We implement it utilizing a minimal operate because it doesn’t want to think about particulars just like the size of the context window since our sentences are brief.

`def calculate_perplexity(mannequin, textual content):`

# Encode the textual content

encodings = tokenizer(textual content, return_tensors='pt').to(machine)# Outline input_ids and target_ids

input_ids = encodings.input_ids

target_ids = input_ids.clone()

with torch.no_grad():

outputs = mannequin(input_ids, labels=target_ids)

# Loss calculation

neg_log_likelihood = outputs.loss

# Perplexity calculation

ppl = torch.exp(neg_log_likelihood)

return ppl

ppl = calculate_perplexity(mannequin, original_text)

ppl_abs = calculate_perplexity(model_abs, absmax_text)

ppl_zp = calculate_perplexity(model_zp, absmax_text)

print(f"Authentic perplexity: {ppl.merchandise():.2f}")

print(f"Absmax perplexity: {ppl_abs.merchandise():.2f}")

print(f"Zeropoint perplexity: {ppl_zp.merchandise():.2f}")

`Authentic perplexity: 15.53`

Absmax perplexity: 17.92

Zeropoint perplexity: 17.97

We see that the perplexity of the unique mannequin is **barely decrease** than the 2 others. A single experiment shouldn’t be very dependable, however we might repeat this course of a number of occasions to see the distinction between every mannequin. In concept, zero-point quantization must be barely higher than absmax, however can also be extra expensive to compute.

On this instance, we utilized quantization strategies to complete layers (per-tensor foundation). Nonetheless, we might apply it at completely different granularity ranges: from all the mannequin to particular person values. Quantizing all the mannequin in a single cross would significantly degrade the efficiency, whereas quantizing particular person values would create an enormous overhead. In apply, we regularly want the **vector-wise quantization**, which considers the variability of values in rows and columns within the identical tensor.

Nonetheless, even vector-wise quantization doesn’t remedy the issue of outlier options. Outlier options are excessive values (damaging or constructive) that seem in all transformer layers when the mannequin attain a sure scale (>6.7B parameters). This is a matter since a single outlier can cut back the precision for all different values. However discarding these outlier options shouldn’t be an choice since it will **vastly degrade** the mannequin’s efficiency.

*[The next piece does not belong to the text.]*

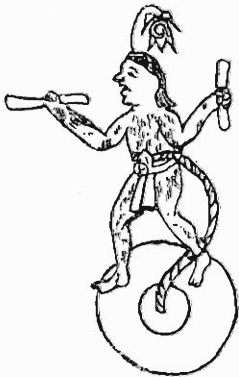
Abb. 6. Der Frühlingsgott Xipe, als Stern auf dem durchlochten Stein ( temalacatl ), dem Ort des Sonnenaufgangs, kämpfend. (E. Boban, Catalogue de la collection E. Goupil, Paris 1801, Atlas 49)

Das Wasser ( atl ) als Abbild der Morgenröte hat durch den Kampf der Sonne mit den Sternen die Bedeutung 'Krieg' im Mexikanischen erhalten. Auch in den Vereinigten Staaten habe ich die Morgenröte und die Abendröte als Wasser mehrfach nachgewiesen. 1) Daneben kommt auch beides als Wasser und Feuer dort vor, und daß dieses in Mexiko ebenfalls der Fall war, sieht man unter anderem aus der Phrase 'Wasser-Feuer' ( atl tlachinollí ) = Krieg. So verstehen wir sehr gut in unserem Xipe-Liede das Aufgehen der Sonne als Geburt des Kriegshäuptlings. Das Seltsamste aber ist, daß man in der Tat, wie der aztekische Kommentar zu Vers 2 berichtet, den Regen von der Morgenröte erwartete. Deshalb kommt allenthalben von der Sonne zugleich der Regen.

Launched by Dettmers et al. (2022), LLM.int8() is an answer to the outlier downside. It depends on a vector-wise (absmax) quantization scheme and introduces mixed-precision quantization. Because of this outlier options are processed in a FP16 format to retain their precision, whereas the opposite values are processed in an INT8 format. As outliers signify about 0.1% of values, this successfully reduces the reminiscence footprint of the LLM by nearly 2x.

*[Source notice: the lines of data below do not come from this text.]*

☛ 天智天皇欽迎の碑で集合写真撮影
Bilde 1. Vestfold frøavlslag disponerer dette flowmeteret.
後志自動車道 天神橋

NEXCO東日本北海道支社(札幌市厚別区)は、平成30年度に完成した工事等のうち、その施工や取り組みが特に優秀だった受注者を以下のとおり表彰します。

LLM.int8() works by conducting matrix multiplication computation in three key steps:

- Extract columns from the enter hidden states
**X**containing outlier options utilizing a customized threshold. - Carry out the matrix multiplication of the outliers utilizing FP16 and the non-outliers utilizing INT8 with vector-wise quantization (row-wise for the hidden state
**X**and column-wise for the burden matrix**W**). - Dequantize the non-outlier outcomes (INT8 to FP16) and add them to the outlier outcomes to get the total lead to FP16.